Working from the entries below, tally each line that holds "design". Give the tally and nothing else.

Source material:
───

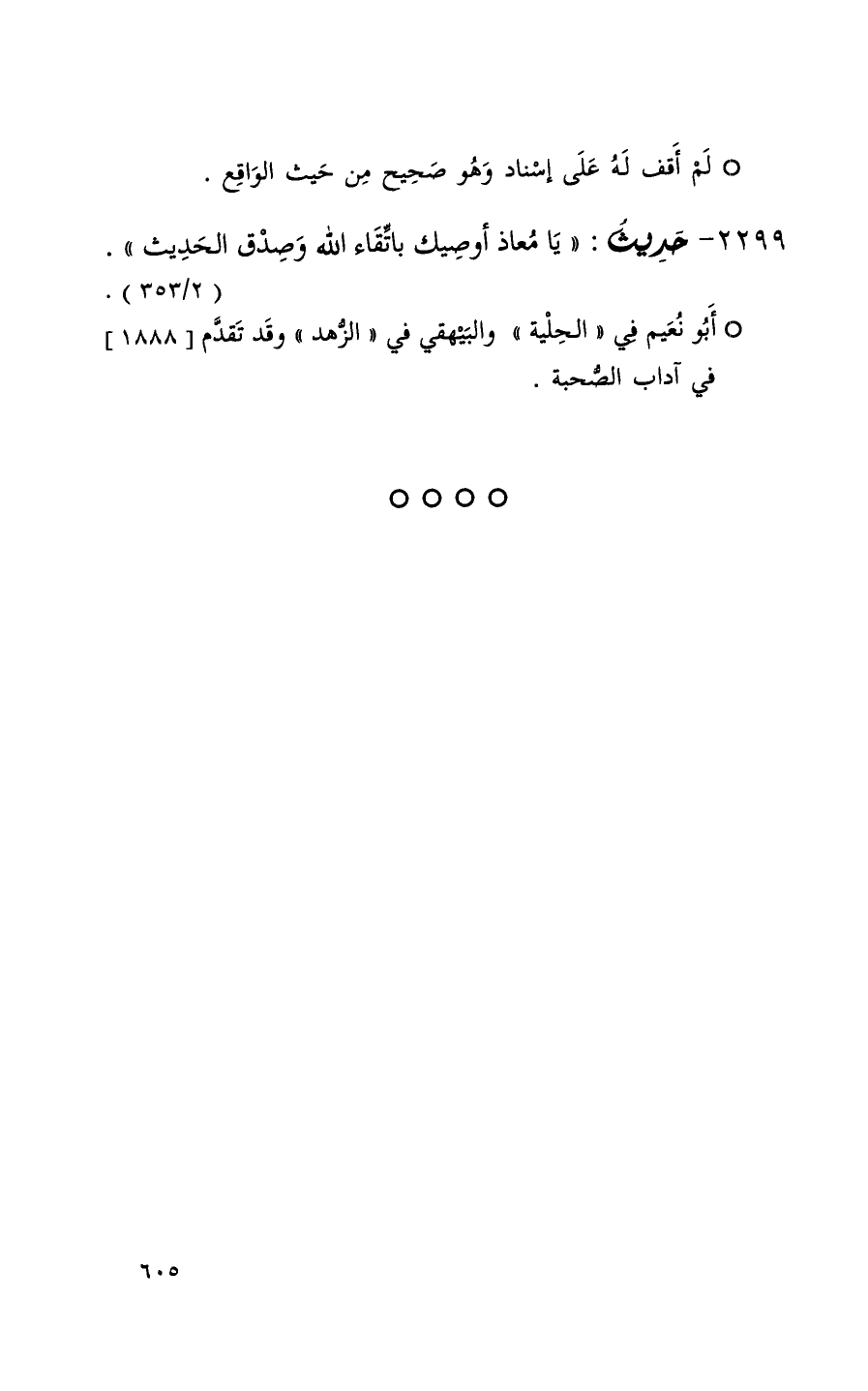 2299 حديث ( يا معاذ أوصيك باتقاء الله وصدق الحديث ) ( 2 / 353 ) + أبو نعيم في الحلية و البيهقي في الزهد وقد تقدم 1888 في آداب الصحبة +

───

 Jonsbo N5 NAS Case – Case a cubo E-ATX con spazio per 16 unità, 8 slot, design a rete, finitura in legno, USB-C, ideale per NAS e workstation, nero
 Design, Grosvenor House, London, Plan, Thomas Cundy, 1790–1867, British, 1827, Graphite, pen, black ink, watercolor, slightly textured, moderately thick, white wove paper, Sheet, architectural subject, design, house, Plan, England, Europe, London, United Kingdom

───

Answer space: 2